In summary, rate limiting enzymes involved in energy homeostasis and metabolism of drugs showed a significant change in expression distribution between 2n and 4n hepatocytes. Changes in gene expression distribution have been associated to genetic plasticity and higher adaptation [100–103], which could be determinant when the liver is faced with a chronic or overwhelming insult.

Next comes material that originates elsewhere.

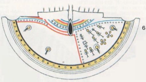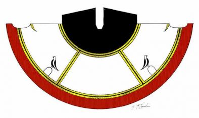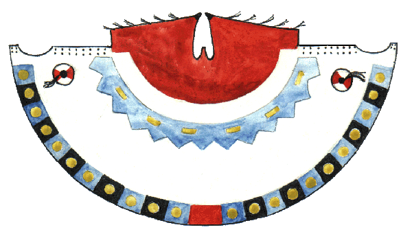 По нижнему краю покрышки обитатель типи рисовал нечто символизирующее землю, скажем полосу гор, прерию, камни, в-общем то, что он видит вокруг себя. Обычно это рисовалось красным цветом, цветом земли.

Hepatic metabolic zonation determines gene expression levels independently of the ploidy status
Hepatocytes and endothelial cells have been spatially located in the liver along the portalcentral axis of the liver lobule [11, 12]. Recently, 2n and 4n hepatocytes have been localized to specific metabolic zones (periportal or pericentral) or randomly interspersed throughout the hepatic lobe [96, 104, 105]. We used diffusion pseudotime (dpt), visualized in diffusion maps, to infer the pseudospatial ordering of nuclei according to defined markers associated with liver zonation and their metabolic specialization [12, 106, 107] (Fig. 5A and Supp. Fig. S6A). Louvain clustering on these zonation markers established five clusters (Supp. Fig. S6A). After visual investigation of pericentral and periportal marker genes on the diffusion map (Fig. 5C and Supp. Fig. S6B), three clusters (0, 2, and 3) were aggregated into a periportal cluster, and two clusters (1 and 4) into a pericentral cluster (Fig. 5C and Supp. Fig. S6B). Then, the percentage of 2n and 4n hepatocytes that were in the pericentral (CV) and periportal (PV) clusters were calculated respectively (Fig. 5B and Methods) [12]. We observed a 1.3-times relative enrichment of 4n hepatocytes in the pericentral cluster, indicating that they reside close to the central vein. This is in agreement with recent studies in which polyploid hepatocytes have been preferably located by histological analysis in the pericentral zone, and diploid hepatocytes in the periportal zone using cell-lineage tracing [77, 108].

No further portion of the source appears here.